Bei § 35 Abs. 3 Satz 3 BauGB hält der Gesetzgeber an der Privilegierung fest, gibt der Gemeinde aber ein Mittel an die Hand, das es ihr ermöglicht, die Ausführung der in § 35 Abs. 1 Nrn. 2 bis 6 BauGB bezeichneten Bauvorhaben im Interesse einer geordneten Entwicklung zu kanalisieren und an bestimmten Stellen im Plangebiet zu konzentrieren. Die damit verbundenen Beschränkungen sind vom geregelten Sachbereich her geboten, um einem "Wildwuchs" vorzubeugen. Sie gehen nicht weiter, als der Schutzzweck reicht, dem sie dienen. Auch beim Modell des § 35 Abs. 3 Satz 3 BauGB hängt die Zulassungsfähigkeit von dem Gewicht der Interessen und Belange ab, die einander gegenüberstehen. Im Vergleich mit § 35 Abs. 1 BauGB verschiebt sich nur die Perspektive.
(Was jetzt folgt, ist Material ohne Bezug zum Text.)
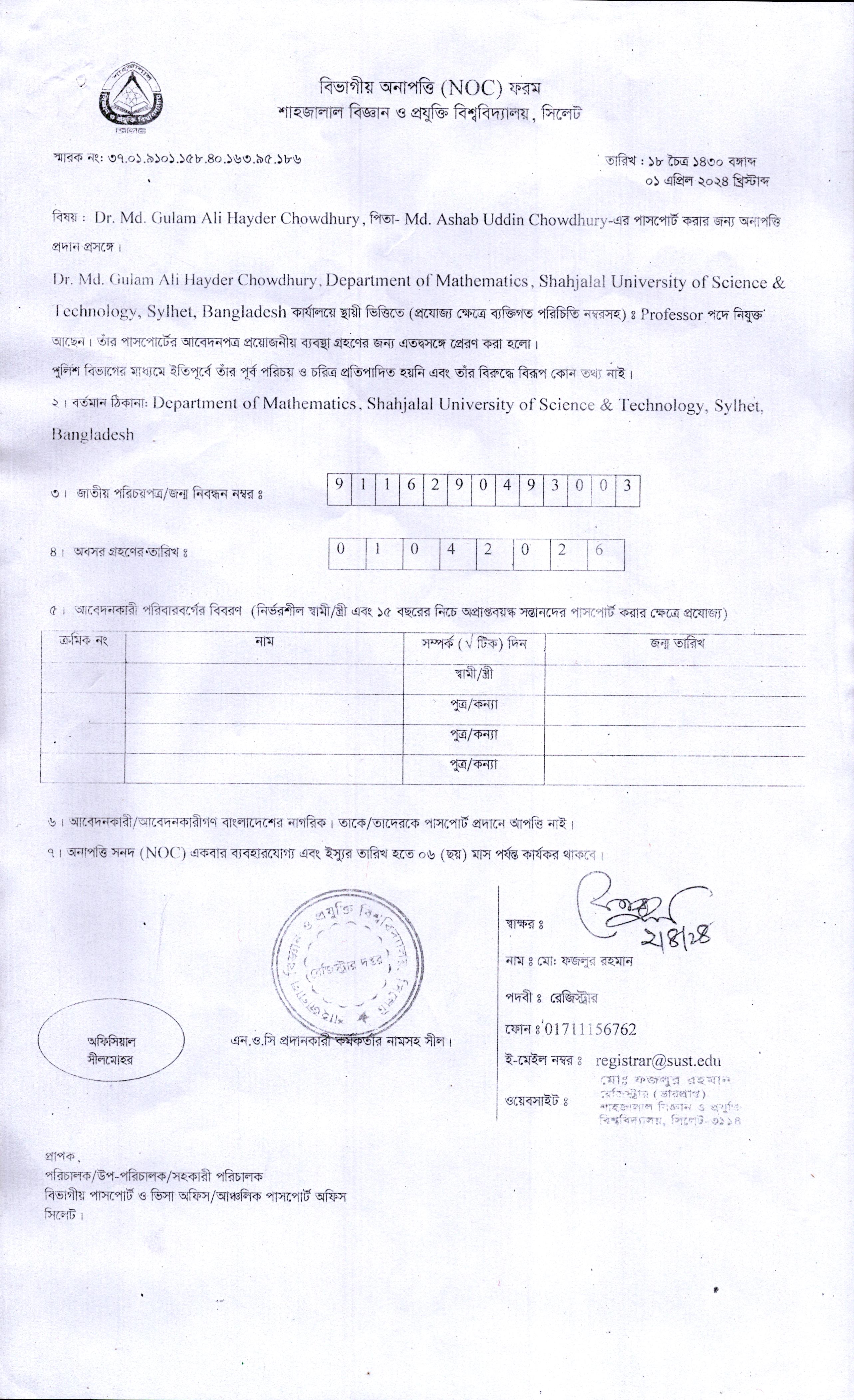 Dr Md Gulam Ali Hayder Chowdhury Professor Department of Mathematics Shahjalal University of Science and Technology, Sylhet, Bangladesh.
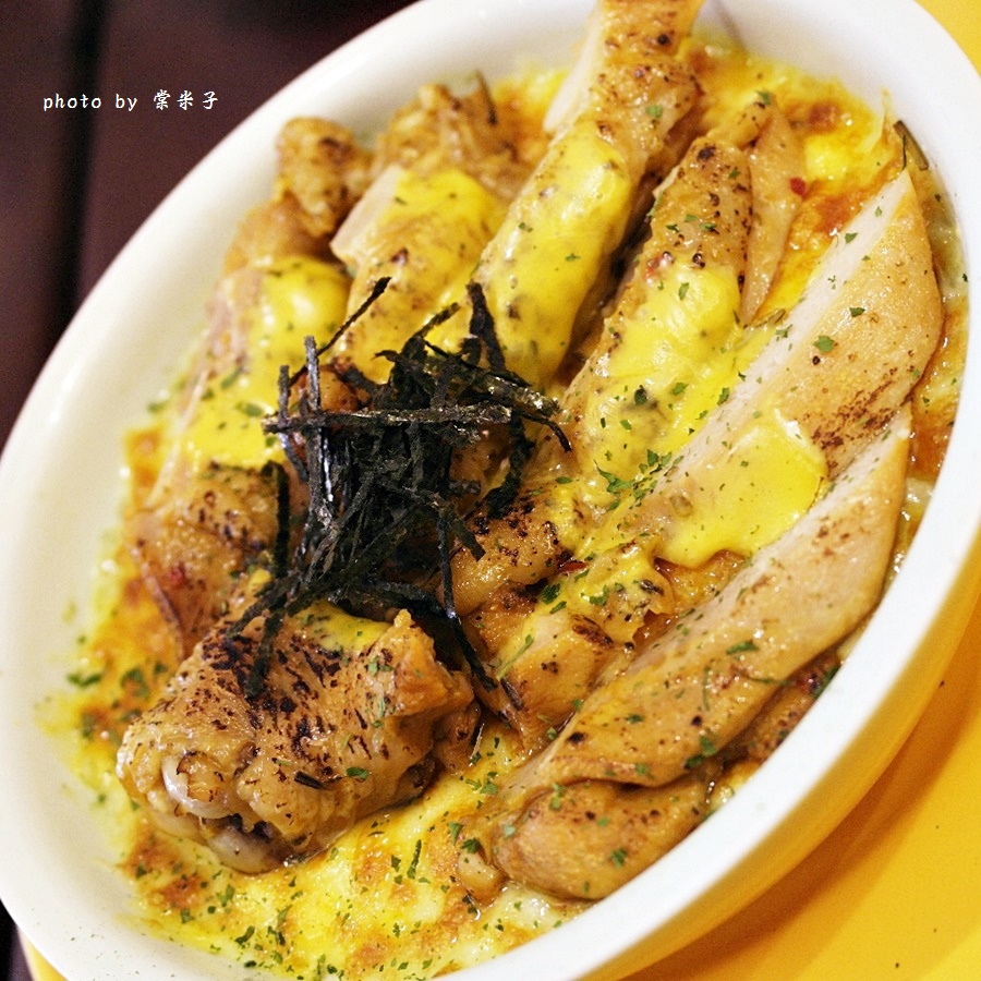 重點是除了焗烤的起司外,老闆竟還在雞腿排上又放了一層不同的起司,

Welches Interesse überwiegt, ist nicht allein standortbezogen, sondern in erster Linie gemeindegebietsbezogen zu beurteilen. Bei dieser Sichtweise können öffentliche Belange einen höheren Stellenwert als im Rahmen des § 35 Abs. 1 BauGB erlangen. Das läuft indes nicht auf eine Aufhebung der Privilegierung hinaus. Auch bei Anwendung des § 35 Abs. 3 Satz 3 BauGB müssen die öffentlichen Belange, aus denen die Ausschlusswirkung hergeleitet wird, so gewichtig sein, dass sie - objektiv nachvollziehbar - geeignet sind, die gesetzgeberische Wertung, die in den Privilegierungstatbeständen zum Ausdruck kommen, zu überwinden. Unzumutbaren Belastungen beugt der Gesetzgeber dadurch vor, dass in Ausnahmefällen der Planvorbehalt nicht greift.

Die Entscheidung über die Kosten der Revisionsverfahren ergibt sich aus § 155 Abs. 1 Satz 1 VwGO.

Beschluss

Der Wert des Streitgegenstandes wird auf 50 000 € festgesetzt (§ 13 Abs. 1 Satz 1 GKG).